▶ _ACTION ITEM_: Below are some records. Retype exactly the lines from the one containing "During the solid" through the one containing "Bauernhof Mit Huhnern, Hahn Und Pfau", both included, skipping every picture.

*** RECORDS ***

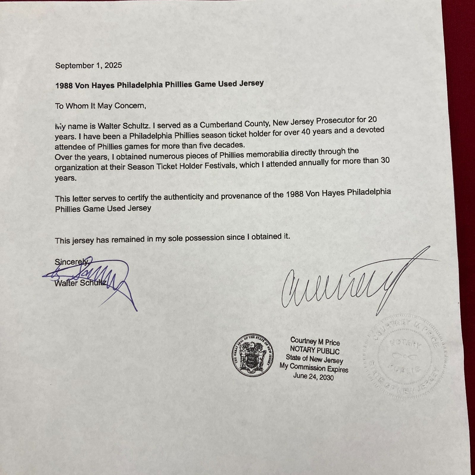 Comes with full letter COA from MEARS and signed and notarized Letter Of Provenance from the original Owner who got it directly from the Phillies.
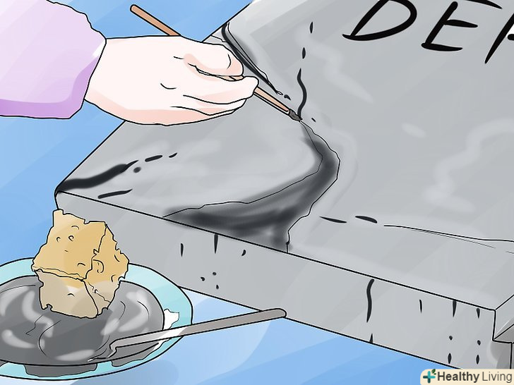 Розфарбуйте могильну плиту. найефективнішою для цього процесу є водоемульсійна фарба. Почніть з фарби темного тону і робіть «промакивающие» руху по всі області надгробка. Прокрасьте тріщини більш темним кольором. [6]
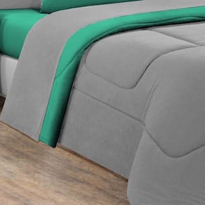 Kit Edredom + Jogo De Lençol Malha 100% Algodão Gran Moratta 7 Peças Casal - Cinza/verde Jade
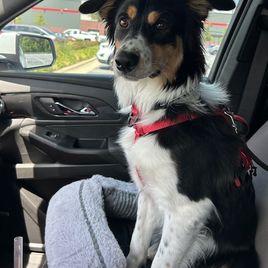 Ember is a female Australian Shepherd. Carefully selected as a great representative of her breed, Jenny decided to make her part of their program. Jenny has passed Good Dog’s screening process, which involved a review of their breeding practices, environment, and the mental and physical health of their dogs.
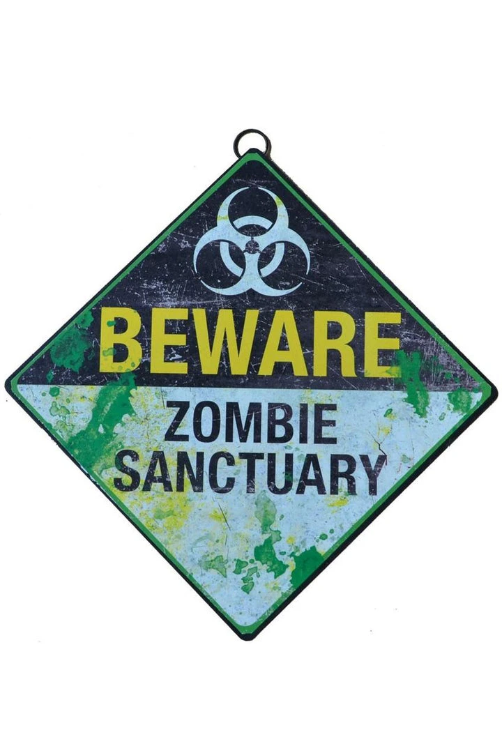 Gothic Metal Wall Sign, Beware Zombie Sanctuary Sign 30cm.
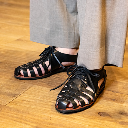 〈エディフィス〉ジャケット 41,800円 /カットソー スタッフ私物 /〈エディフィス〉パンツ 27,500円 /〈エディフィス〉肩に巻いたカットソー 15,400円 /〈Caboclo〉サンダル 29,040円
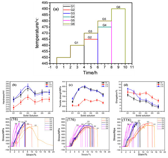 During the solid solution process, the grain size, undissolved second phase fraction and solute atom distribution of the alloy will be changed, which affects the mechanical properties. Xu et al. [103] performed multi-stage solid solution on aluminum alloy extrusion materials and characterized and tested their microstructure and mechanical properties. The specific solid solution process is shown in Figure 10a. The results are shown in Figure 10b–d. With the solid solution temperature and time increased, its strength increases to the maximum at G3 and then decreases. In the solid solution process on the conditions of 450 °C × 2 h + 460 °C × 2 h + 470 °C × 2 h, and the aging process on 121 °C × 5 h + 133 °C × 16 h, aluminum alloy has excellent comprehensive properties with strength of 828.0 M Pa and elongation of 8.1%.
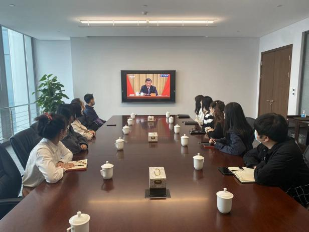 濟南建設集團投資有限公司團支部組織在崗團員青年、團干部集中觀看直播。
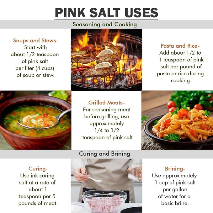 - PINK SALT JAR FOR COOKING: Use our pink salt jar in everyday cooking for a gourmet touch. Add a pinch (about a quarter teaspoon) per serving size portion to enhance flavor while balancing electrolytes, pH levels, and hydration. Ideal for seasoning and brining, or use in a dual sifter pink salt shaker or grinder for convenience
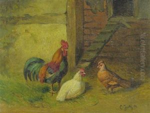 Bauernhof Mit Huhnern, Hahn Und Pfau
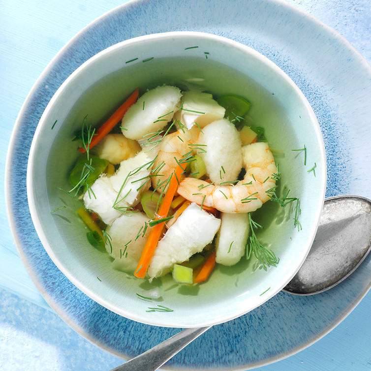 Fischfilet in die Suppe geben und bei geringer Hitze ca. 5 - 7 Minuten gar ziehen lassen. Riesengarnelen und Fischklößchen zufügen und ebenfalls kurz miterhitzen, aber nicht kochen. Lorbeerblatt entfernen und die Suppe mit Salz und Pfeffer abschmecken.
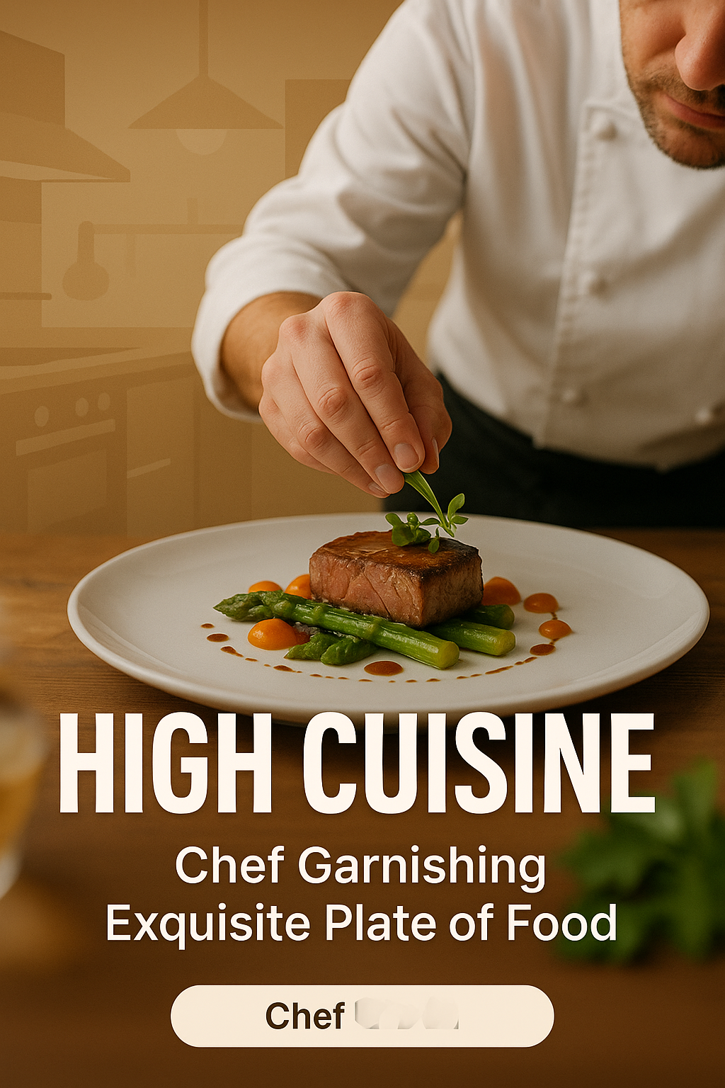 A visually appealing image depicting a chef meticulously garnishing an exquisite plate of high cuisine. Ideal for culinary blogs or restaurant marketing.
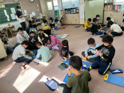 チャレンジフェスタのお話の後,ストロー飛行機作りをしました。
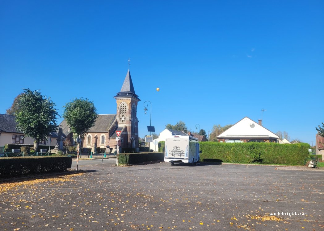 A convenient stop over just off the A16 close to Saint-Quentin. A lovely quiet, well kept village. We are the only van, parked up opposite the Town Hall and church, with the park behind us. We will definitely stopover again. No facilities for water or chemical disposal but the A16 Service's & Aires on A16. Thank you to the Community for this opportunity.
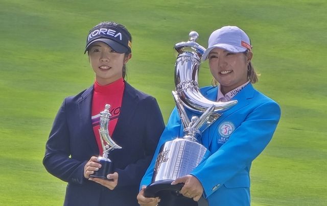 15일 끝난 JLPGA 산토리여자오픈에서 아마추어 부문 우승을 차지한 양효진(왼쪽)과 전체 우승을 차지한 타카하시. 남녕고 제공
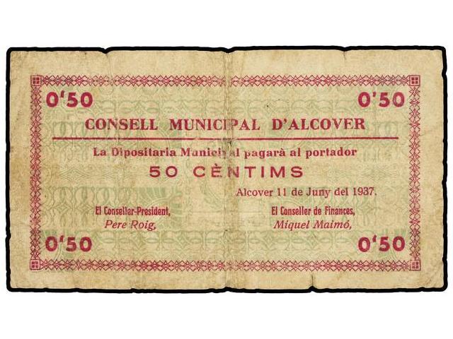 50 Cèntims. 11 Juny 1937. C.M. d´ALCOVER. (Sucio). ESCASO. AT-86; T-109. MBC-.
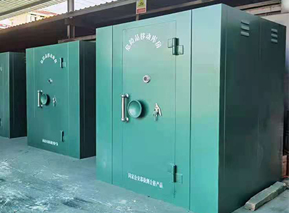 1、移动炸药库采用全钢材质制造,机械锁具把关,具极佳防盗性能(防火性能只有活动炸药库具备),符合国家公安部民爆器材的存放要求。
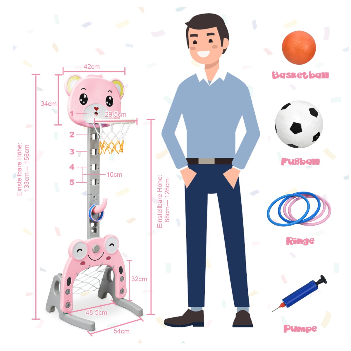Ο μοναδικός μας μπάσκετ σταντ με σχέδιο ζώου βοηθά τα παιδιά να αναπτύξουν κοινωνικές δεξιότητες, φυσική συντονιστικότητα και ισορροπία. Αυτό το εκπληκτικό 3-σε-1 αθλητικό κέντρο επιτρέπει στα παιδιά να απολαμβάνουν στιγμές διασκέδασης και αυτοπεποίθησης παίζοντας μπάσκετ, ποδόσφαιρο και ριψοκίνηση δαχτυλιδιών, καλλιεργώντας ταυτόχρονα το ομαδικό πνεύμα και τη φιλοδοξία τους.
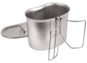 Rothco's Stainless Steel Canteen Cup and Cover Set is the perfect addition to your camping gear, bug out bag, or outdoor cooking setup. Made from durable heavy gauge stainless steel, this canteen cup and cover set is built to withstand rugged use while ensuring your food and water stay fresh. The convenient lid helps retain heat and keep contents secure, making it ideal for both boiling water and cooking meals in the wild. The butterfly handle design provides a secure grip and easy handling, even when the cup is hot. Measuring 4 1/2 inches x 2 7/8 inches at the bottom, 5 1/4 inches x 3 1/4 inches at the top, and 3 3/4 inches in height, this versatile set is compact enough to carry in your pack yet spacious enough for your needs. Whether you're hiking, camping, or preparing for emergencies, Rothco's Stainless Steel Canteen Cup and Cover Set is a reliable and essential tool.

*** End of RECORDS ***

▶ _EXERCISE RESULT_:
 During the solid solution process, the grain size, undissolved second phase fraction and solute atom distribution of the alloy will be changed, which affects the mechanical properties. Xu et al. [103] performed multi-stage solid solution on aluminum alloy extrusion materials and characterized and tested their microstructure and mechanical properties. The specific solid solution process is shown in Figure 10a. The results are shown in Figure 10b–d. With the solid solution temperature and time increased, its strength increases to the maximum at G3 and then decreases. In the solid solution process on the conditions of 450 °C × 2 h + 460 °C × 2 h + 470 °C × 2 h, and the aging process on 121 °C × 5 h + 133 °C × 16 h, aluminum alloy has excellent comprehensive properties with strength of 828.0 M Pa and elongation of 8.1%.
 濟南建設集團投資有限公司團支部組織在崗團員青年、團干部集中觀看直播。
 - PINK SALT JAR FOR COOKING: Use our pink salt jar in everyday cooking for a gourmet touch. Add a pinch (about a quarter teaspoon) per serving size portion to enhance flavor while balancing electrolytes, pH levels, and hydration. Ideal for seasoning and brining, or use in a dual sifter pink salt shaker or grinder for convenience
 Bauernhof Mit Huhnern, Hahn Und Pfau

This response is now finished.